Title: Efficient clustering techniques on Hadoop and Spark
Authors: Sami Al Ghamdi; Giuseppe Di Fatta
Addresses: Department of Computer Science, University of Reading, Reading, UK ' Department of Computer Science, University of Reading, Reading, UK
Abstract: Clustering is an essential data mining technique that divides observations into groups where each group contains similar observations. K-means is one of the most popular clustering algorithms that has been used for over 50 years. Due to the current exponential growth of the data, it became a necessity to improve the efficiency and scalability of K-means even further to cope with large-scale datasets known as big data. This paper presents K-means optimisations using triangle inequality on two well-known distributed computing platforms: Hadoop and Spark. K-means variants that use triangle inequality usually require caching extra information from the previous iteration, which is a challenging task to achieve on Hadoop. Hence, this work introduces two methods to pass information from one iteration to the next on Hadoop to accelerate K-means.
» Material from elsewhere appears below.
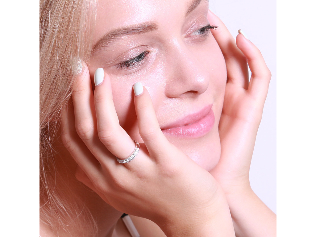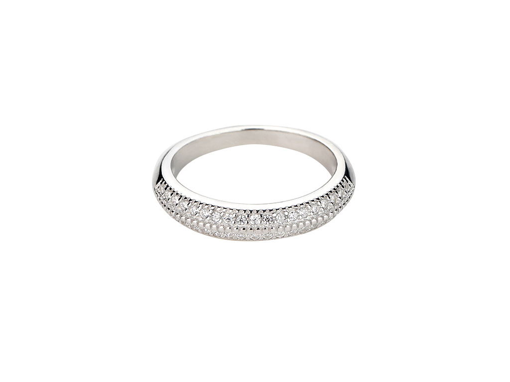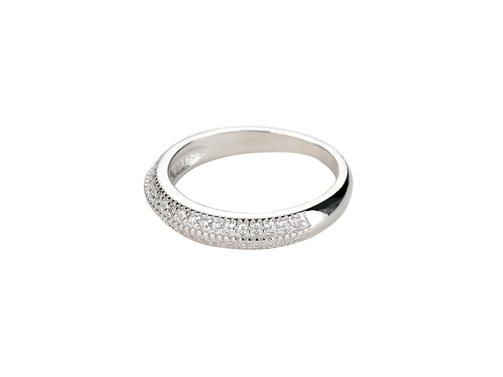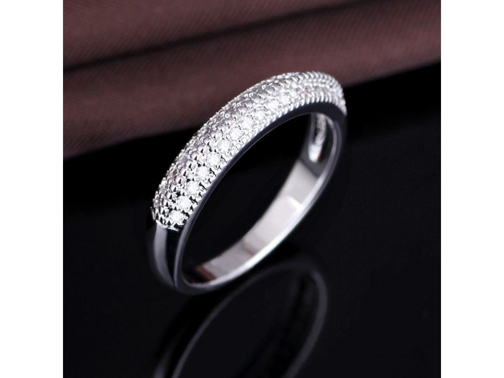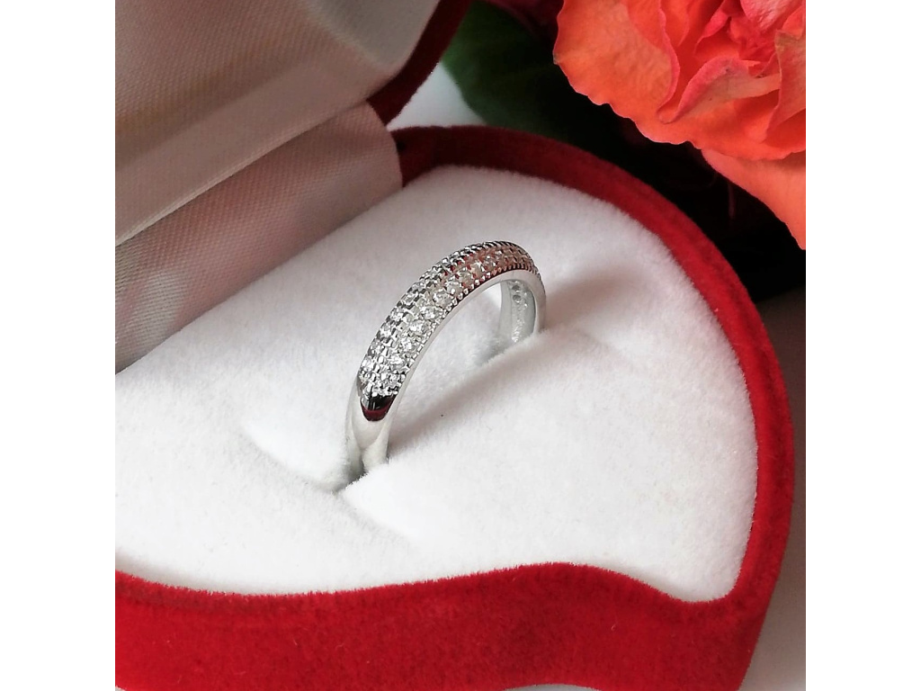 Prsteň je do polovice posiaty drobnými čírymi zirkónmi.

The experimental work shows that the efficiency of K-means on Hadoop and Spark can be significantly improved by using triangle inequality optimisations.
Keywords: K-means; Hadoop; Spark; MapReduce; efficient clustering; triangle inequality K-means.
DOI: 10.1504/IJBDI.2019.100898
International Journal of Big Data Intelligence, 2019 Vol.6 No.3/4, pp.269 - 290
Received: 08 Mar 2018
Accepted: 15 Aug 2018
Published online: 19 Jul 2019 *